• Information provided
- - - -
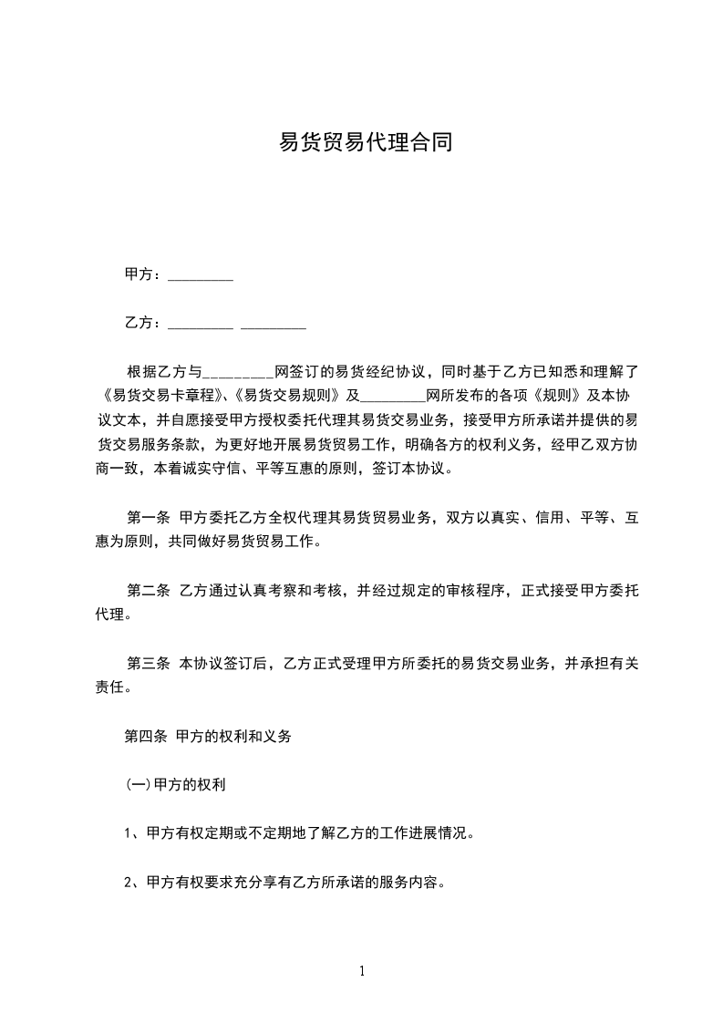 甲乙双方本着合作共赢,共求发展的原则,经充分协商,双方就传统贸易,服务贸易(以下简称产品)代理问题达成一致,进一步明确双方权利义务,合作期限等具体事项,特依法签订本代理合同。
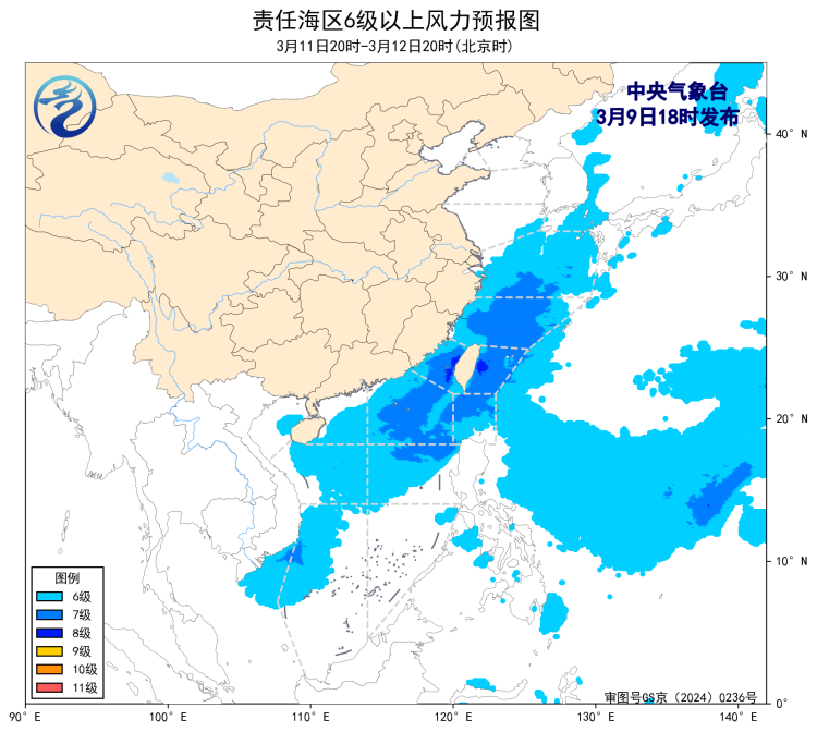 預計,3月12日夜間至16日白天,渤海、瓊州海峽將有5~6級、陣風7級的風,東海大部海域、台灣以東洋面、南海大部海域將有6~8級、陣風9級的大風,台灣海峽將有8~9級、陣風10級減弱至6~7級、陣風8級的風,巴士海峽將有7~8級、陣風9級的大風,北部灣將有6~7級、陣風8級的風。
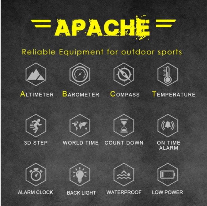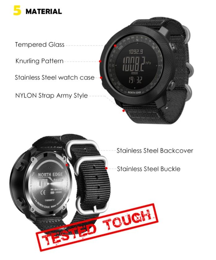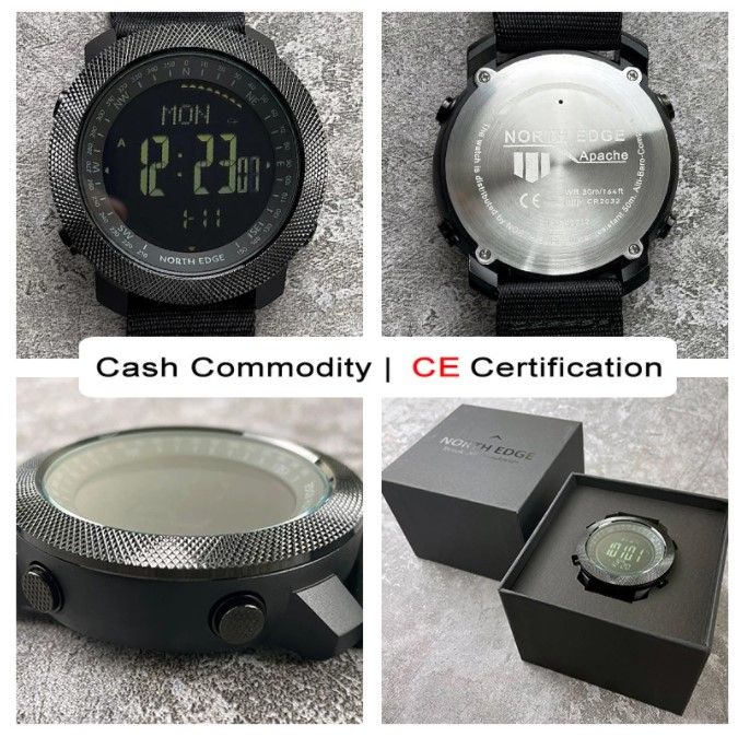 Product Information: Brand Name: NORTH EDGE Item Type: Digital Wristwatches Style: Sport Feature: Complete calendar, shock resistant, temperature measurement, stop watch, led display, auto date, pressure measurement, week display, altimeter, water resistant, compass, chronograph, back light, multiple time zone, swim,alarm, luminous, repeater Case Material: Plastic Band Material Type: Rubber Dial Diameter: about 50mm Case Shape: Round Dial Window Material Type: Glass Boxes & Cases Material: Paper Movement: Smart,digital Clasp Type: Buckle Band Width: about 24mm/0.95in Band Length: about 25cm/9.84in Model Number: APACHE Water Resistance Depth: 5Bar Case Thickness: about 14mm/0.55 Item: North edge new digital watch smart Sport Type: Clock men digital smart Water Resistance: 50M digital watch waterproof Dial Display: Relogio masculino digital Item Type: Men watch sport military Function: Running, climbing, hiking, temperature measurement,multiple time zone Function2: Hiking, fishing, climbing, mountaineering, pressure measurement, altimet Feature: Military watches men army Feature2: LED digital military army watchesfeature3:men watch digital Feature3: Men watch digital Functions: 1. Altimeter (altitude trend chart and climb rate) 2. Barometer ( air pressure trend chart) 3. Compass 4. Thermometer 5. Weather Forecast 6. Pedometer, step counter, calorie, distance record 7. Time functions: hour, minute, second, year(2000-2099), month, date, weekday, 8. Alarm clock (2 sets alarm clock, ) 9. Countdown timer (99:59:59~0) 10. Stopwatch (0~:59:59), 12. Worldtime functions (daylight saving time switch automatically) 13. Corporates digital compass, altimeter, barometer, Thermometer, air pressure trend and altitude trend and altitude trend 14. Button tone on or off 15. Battery life remind 16. EL Backlight Package: 1*watch
- - - -
• Exercise
Nothing but an exact copy of the data, without its images, should make up your answer.

• Response to this task
 甲乙双方本着合作共赢,共求发展的原则,经充分协商,双方就传统贸易,服务贸易(以下简称产品)代理问题达成一致,进一步明确双方权利义务,合作期限等具体事项,特依法签订本代理合同。
 預計,3月12日夜間至16日白天,渤海、瓊州海峽將有5~6級、陣風7級的風,東海大部海域、台灣以東洋面、南海大部海域將有6~8級、陣風9級的大風,台灣海峽將有8~9級、陣風10級減弱至6~7級、陣風8級的風,巴士海峽將有7~8級、陣風9級的大風,北部灣將有6~7級、陣風8級的風。
 Product Information: Brand Name: NORTH EDGE Item Type: Digital Wristwatches Style: Sport Feature: Complete calendar, shock resistant, temperature measurement, stop watch, led display, auto date, pressure measurement, week display, altimeter, water resistant, compass, chronograph, back light, multiple time zone, swim,alarm, luminous, repeater Case Material: Plastic Band Material Type: Rubber Dial Diameter: about 50mm Case Shape: Round Dial Window Material Type: Glass Boxes & Cases Material: Paper Movement: Smart,digital Clasp Type: Buckle Band Width: about 24mm/0.95in Band Length: about 25cm/9.84in Model Number: APACHE Water Resistance Depth: 5Bar Case Thickness: about 14mm/0.55 Item: North edge new digital watch smart Sport Type: Clock men digital smart Water Resistance: 50M digital watch waterproof Dial Display: Relogio masculino digital Item Type: Men watch sport military Function: Running, climbing, hiking, temperature measurement,multiple time zone Function2: Hiking, fishing, climbing, mountaineering, pressure measurement, altimet Feature: Military watches men army Feature2: LED digital military army watchesfeature3:men watch digital Feature3: Men watch digital Functions: 1. Altimeter (altitude trend chart and climb rate) 2. Barometer ( air pressure trend chart) 3. Compass 4. Thermometer 5. Weather Forecast 6. Pedometer, step counter, calorie, distance record 7. Time functions: hour, minute, second, year(2000-2099), month, date, weekday, 8. Alarm clock (2 sets alarm clock, ) 9. Countdown timer (99:59:59~0) 10. Stopwatch (0~:59:59), 12. Worldtime functions (daylight saving time switch automatically) 13. Corporates digital compass, altimeter, barometer, Thermometer, air pressure trend and altitude trend and altitude trend 14. Button tone on or off 15. Battery life remind 16. EL Backlight Package: 1*watch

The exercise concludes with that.